Mayao was standing on a stool continuing his live broadcast as the destruction continued, while Panai and Nabu sat forlornly on the corner in front of the Taipei Guesthouse gate. I circled around the scene, switching between my Leica M6 and my phone depending on the circumstances. Fortunately the Samsung S7 I use is water resistant, and the Leica is virtually indestructible. I missed my Sony, but it’s in the shop yet again being fixed, so I had to make due with what I had.

Just about everything had been hauled away when a New Power Party legislator showed up, followed by another one I recognized, Freddy Lim. By that point the destruction of the village had been going on for several hours, and I wondered what took them so damn long to get there. Still, nobody from either the DPP nor the KMT showed up at all, so there’s that. The legislators had a furious chat with the police on the site, who refused to yield, so the legislators held a little press conference in which they criticized the police’s actions. I guess that’s all they could do.

As darkness fell, the police removed the barriers and opened the street up to traffic again. The rain, which had lessened around sunset, returned as the cops formed lines around the area. Some of them surrounded Panai and Nabu, still in his wheelchair, and shouted insults, not letting them move, and when they did, following them around. The police chief came over and started issuing orders: “If they set up any tents, take them down!” he shouted. “No cars are allowed to stop in this area, period!” It was as if he had decided he was a mini legislature of his own, spewing out laws at a whim. I thought of all the people in the city in need of police assistance, wondering where all the cops had gone. When some people brought over folding chairs for some of the older protesters, who were huddled under umbrellas on the wet sidewalk, the police started pointing and shouting, saying “Those aren’t allowed! Those are illegal!”
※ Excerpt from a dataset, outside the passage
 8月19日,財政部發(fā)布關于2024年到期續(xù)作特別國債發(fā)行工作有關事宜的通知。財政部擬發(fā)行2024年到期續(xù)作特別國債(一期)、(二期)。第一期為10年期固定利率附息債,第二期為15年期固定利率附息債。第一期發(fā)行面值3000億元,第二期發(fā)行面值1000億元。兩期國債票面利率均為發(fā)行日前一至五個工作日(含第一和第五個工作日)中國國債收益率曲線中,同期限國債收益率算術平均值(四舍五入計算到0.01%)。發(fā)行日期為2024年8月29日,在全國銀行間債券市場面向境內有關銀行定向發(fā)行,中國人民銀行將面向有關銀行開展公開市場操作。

It was past dinner time, and I hadn’t eaten since breakfast. I’d also run out of film and my phone was dying, so I left the site in the evening, soaked and tired, but still in better shape than most of the protesters, who are still, as far as I know, huddled on that corner under the pouring rain, surrounded by shouting, sneering police.
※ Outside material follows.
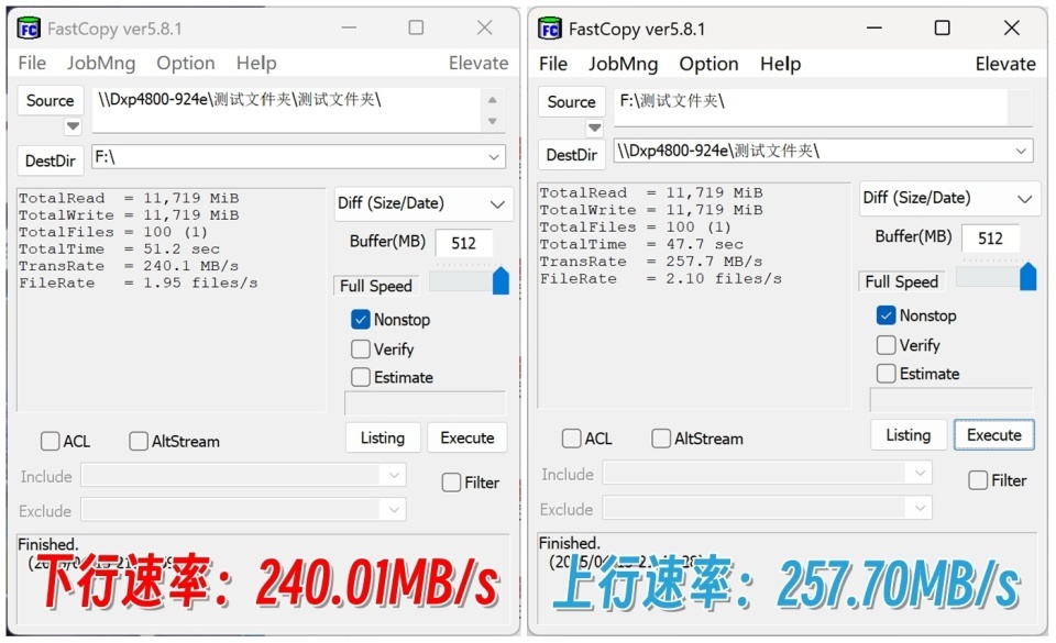 「NAS➡️電腦」:耗時 51.2 秒,平均速率 240.01MB/s

I hope they can bounce back from this. I don’t know if Day 100 was their target day to remove the protest site once and for all, or if they decided to take advantage of the extreme weather to do it. In either case, I have to say it was an extremely shitty thing to do. I’ve been disappointed that the government has managed to ignore this issue this long, but going to these lengths smacks of tactics this administration really should know better than to engage in.

EDIT: The police apparently executed their own law and bodily forced people to leave the area early Saturday morning, shouting “We’re doing this for your protection!” Not a single peep from the presidential office.